Femtosecond laser direct inscription of 3D photonic devices in Er/Yb-doped oxyfluoride nano-glass ceramics

The present work demonstrates the potential of transparent oxyfluoride nano-glass ceramics co-doped with Er³⁺/Yb³⁺ ions for the integration of 3D photonic devices by femtosecond laser inscription in the low repetition-rate regime (1 kHz). The results suggest that this target material is an excellent host for the integration of active photonic devices.

The use of ultrashort laser pulses for the inscription of optical waveguides in transparent dielectrics has attracted great attention since the first demonstration due to the intrinsic properties of the technique; the fabrication is direct and can be applied to almost any transparent dielectric, it does not require any specific sample preparation and, more remarkably, it allows the implementation of 3D structures. Among the different substrates used for waveguide inscription by femtosecond laser irradiation, oxifluoride nano-glass ceramics containing rare-earth doped fluoride nanocrystals combine the good mechanical and chemical stabilities of oxide glasses with the low phonon energy of fluoride crystals, thus being of great interest in the operation of active devices.

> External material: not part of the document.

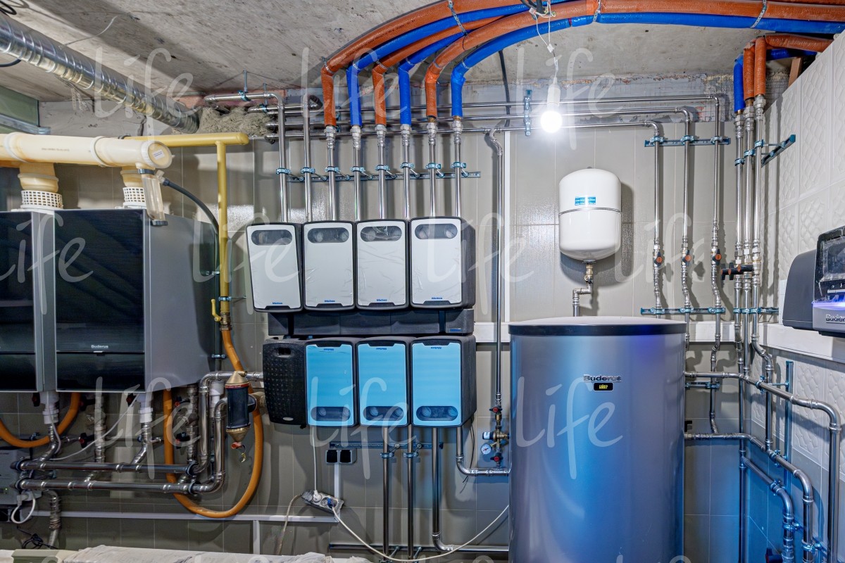 Все центральные коммуникации. Электричество 35 кВт, своя автономная скважина, современная вентиляционная система Renson.

This collaborative work carried out by the groups led by Javier Vázquez de Aldana (University of Salamanca), Alicia Durán (ICV-CSIC) and Rolindes Balda (CFM, UPV/EHU), demonstrates the potential of transparent oxyfluoride nano-glass ceramics co-doped with Er³⁺/Yb³⁺ ions for the integration of 3D photonic devices by femtosecond laser inscription. The fabrication is not critical, finding a wide range of irradiation conditions (pulse energy and scanning velocity) in which guiding structures are produced supporting high-quality modes. The technique of multi-scan inscription was successfully applied to tailor the refractive index profile of the waveguides, obtaining multimodal structures. The suitability of the glass-ceramics as substrate for the integration of complex photonic elements was demonstrated by implementing several splitter designs, both 2D and 3D (Figure 1, left column). The modal profiles at output preserved the single mode behavior at 633 and 800 nm (see normalized intensity for 800 nm in the Figure, central column). The results demonstrate the optimum behavior of Er³⁺/Yb³⁺ oxyfluoride nano-glass ceramics as a host material for the integration of complex 3D active photonic circuits by femtosecond laser irradiation.

Figure: Scheme of the implemented photonic elements (left column), normalized near-field modal profiles at 800 nm (central column), and microscopic pictures of the output facet (right column). From top to bottom, 1×2 splitter, Mach-Zehnder interferometer, 1×4 splitter (2D), and 1×4 splitter (3D).